━━━━━ Data ━━━━━

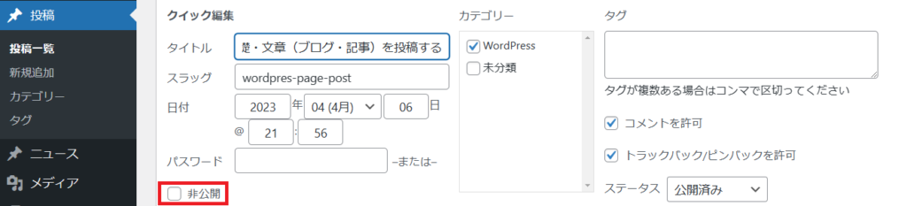 クイック編集画面が開きますので、『非公開』横の枠をクリックして☑を入れます。
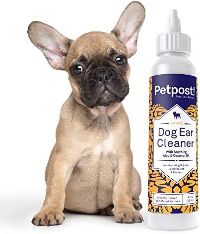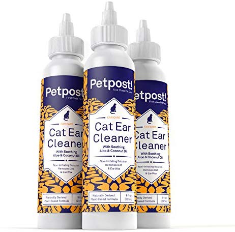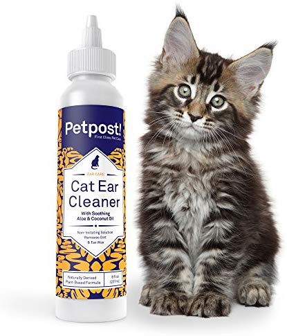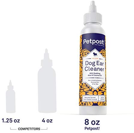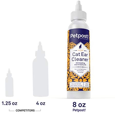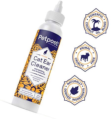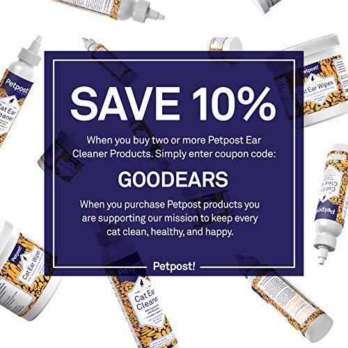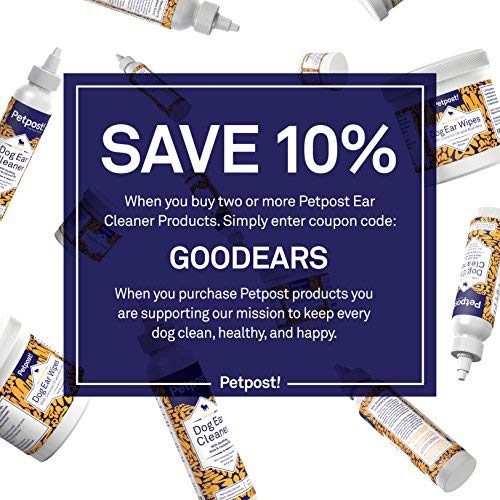 Toallitas limpiadoras de oídos de la marca Petpost para perro y gato, solución de aceite de coco natural, el mejor remedio para los ácaros de oído, cándida e infección en oídos que casa cera, sin alcohol ni irritantes (8 onzas)
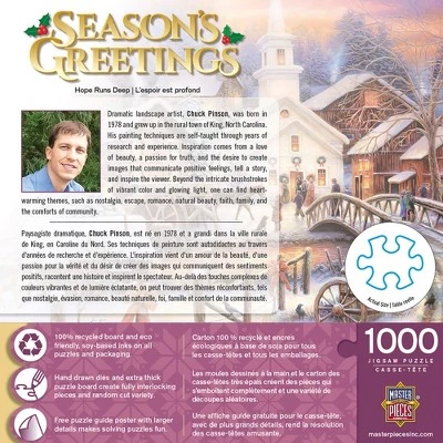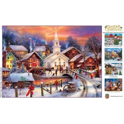 - These MasterPieces 19.25″ x 26.75″ 1000pc of Home for the Hplidays features a new snow falling on the town church on Christmas Eve. Holiday Puzzles are the perfect way to get into the holiday spirit, and the perfect holiday presents for friends and family. Cozy up around the table for some holiday family fun! To reduce their impact on our environment, the chipboard used in these puzzles is made of recycled material.

━━━━━

▸ **What the task requires**: Repeat the data verbatim, excluding all pictures.

▸ **Answer section**:
 クイック編集画面が開きますので、『非公開』横の枠をクリックして☑を入れます。
 Toallitas limpiadoras de oídos de la marca Petpost para perro y gato, solución de aceite de coco natural, el mejor remedio para los ácaros de oído, cándida e infección en oídos que casa cera, sin alcohol ni irritantes (8 onzas)
 - These MasterPieces 19.25″ x 26.75″ 1000pc of Home for the Hplidays features a new snow falling on the town church on Christmas Eve. Holiday Puzzles are the perfect way to get into the holiday spirit, and the perfect holiday presents for friends and family. Cozy up around the table for some holiday family fun! To reduce their impact on our environment, the chipboard used in these puzzles is made of recycled material.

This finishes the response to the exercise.